■ **Required work**: Nothing but the text of the listing, repeated exactly, belongs in the answer; leave the images out.

[[ Information provided open ]]

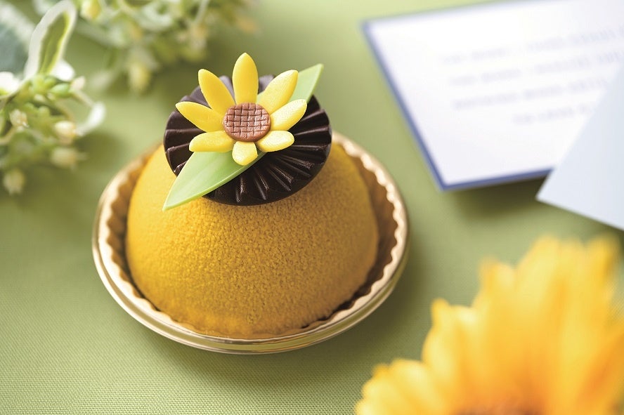 マンゴークリームとマンゴージュレをチョコレートムースで包み込み、ギリシャ神話のひまわりになった妖精「クリュティエ」をイメージして。
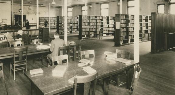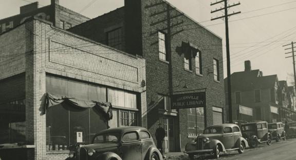 The Library opened on May 20, 1921 with 500 volumes in a vacant storage room on East Coffee Street in downtown Greenville and soon expanded into the space next door. The Library was so well received by the community that the City voted to provide tax support in 1923. The following year the library was moved to larger quarters in the Jervey Jordan building, which had entrances on both Main Street and Brown Street in downtown Greenville. (Image from the South Carolina Room Collection)
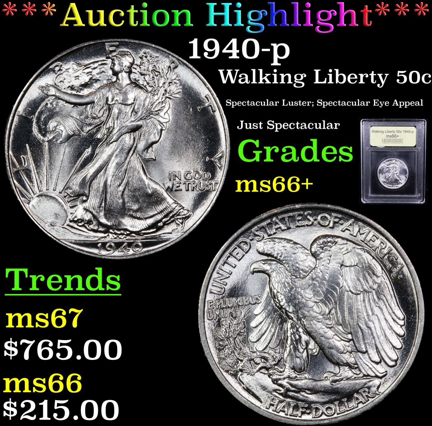 ***Auction Highlight*** 1940-p Walking Liberty Half Dollar 50c Graded GEM++ Unc By USCG (fc)

[[ Information provided closed ]]

■ **Written response**:
 マンゴークリームとマンゴージュレをチョコレートムースで包み込み、ギリシャ神話のひまわりになった妖精「クリュティエ」をイメージして。
 The Library opened on May 20, 1921 with 500 volumes in a vacant storage room on East Coffee Street in downtown Greenville and soon expanded into the space next door. The Library was so well received by the community that the City voted to provide tax support in 1923. The following year the library was moved to larger quarters in the Jervey Jordan building, which had entrances on both Main Street and Brown Street in downtown Greenville. (Image from the South Carolina Room Collection)
 ***Auction Highlight*** 1940-p Walking Liberty Half Dollar 50c Graded GEM++ Unc By USCG (fc)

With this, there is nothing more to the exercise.